La parola “santo” esprime la natura speciale di Dio. Solo Lui è il Santo. L’uomo diventa santo nella misura in cui comincia a stare con Dio. Essere con Dio significa mettere da parte ciò che è solo “Io” e diventare una cosa sola con tutta la vita di Dio. Tuttavia, questa liberazione di sé può essere molto dolorosa, e non si compie mai una volta per tutte. Tuttavia, il termine “santificare” può essere inteso anche in modo molto concreto per indicare l’ordinazione sacerdotale, nel senso che implica che il Dio vivente rivendica radicalmente un uomo per far sì che lo serva.
(di Benedetto XVI)
NESSUN SACERDOTE DI SECONDA CLASSE
Il celibato sacerdotale ben compreso, se a volte è una prova, è una liberazione. Permette al sacerdote di affermarsi coerentemente nella sua identità di sposodella Chiesa. Il progetto di privare le comunità e i sacerdoti di questa gioia non è un’opera di misericordia. Non posso in coscienza, come figlio dell’Africa, sostenere l’idea che i popoli in cammino verso l’evangelizzazione debbano essere privati di questo incontro con un sacerdozio vissuto in pienezza. I popoli dell’Amazzonia hanno diritto a una piena esperienza di Cristo Sposo.
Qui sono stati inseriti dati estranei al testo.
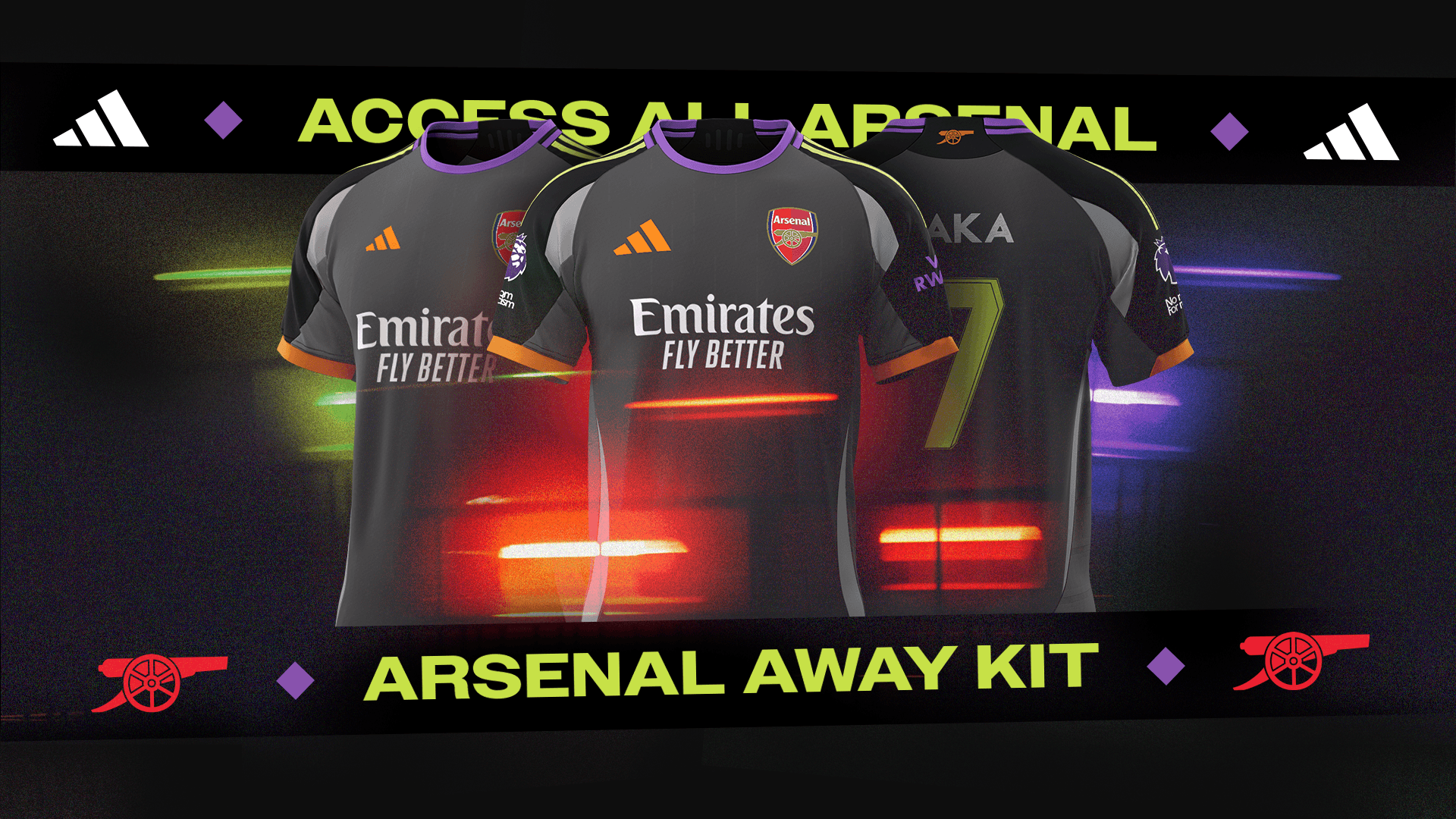 Brief: To create advertising brand look for a speculative Arsenal away kit from an unrelated season, inspired by the nightlife of London, with bold, bright colours designed to stand out at dark.

Non si possono offrire loro sacerdoti di “seconda classe”. Al contrario, più giovane è una Chiesa, più ha bisogno di incontrare la radicalità del Vangelo.
(di card. Robert Sarah)
È UNA BUGIA PARLARE DI ECCEZIONI
L’ordinazione di uomini sposati, anche se in precedenza erano diaconi permanenti, non è un’eccezione, ma una violazione, una ferita nella coerenza del sacerdozio. Parlare di eccezioni è un abuso di linguaggio o una menzogna (…). Inoltre, l’ordinazione di uomini sposati in giovani comunità cristiane vieterebbe la promozione delle vocazioni sacerdotali di sacerdoti non sposati. L’eccezione diventerebbe uno stato permanente che pregiudicherebbe la corretta comprensione del sacerdozio.
(di card. Sarah)
LA CHIESA NON È UN’ORGANIZZAZIONE UMANA…
Viviamo nella tristezza e nella sofferenza in questi tempi difficili e travagliati. Era nostro sacro dovere ricordare la verità del sacerdozio cattolico. Perché attraverso di esso tutta la bellezza della Chiesa è messa in discussione. La Chiesa non è solo un’organizzazione umana. È un mistero. È la Sposa mistica di Cristo. Questo è ciò che il nostro celibato sacerdotale ricorda costantemente al mondo. È urgente, necessario, che tutti, vescovi, sacerdoti e laici, non si lascino più impressionare da cattive suppliche, spettacoli teatrali, diaboliche menzogne, errori di moda che cercano di svalutare il celibato sacerdotale. È urgente, necessario, che tutti, vescovi, sacerdoti e laici, riscoprano uno sguardo di fede sulla Chiesa e sul celibato sacerdotale che ne protegge il mistero. Questa sarà la migliore difesa contro lo spirito di divisione, contro lo spirito politico, ma anche contro lo spirito di indifferenza e di relativismo.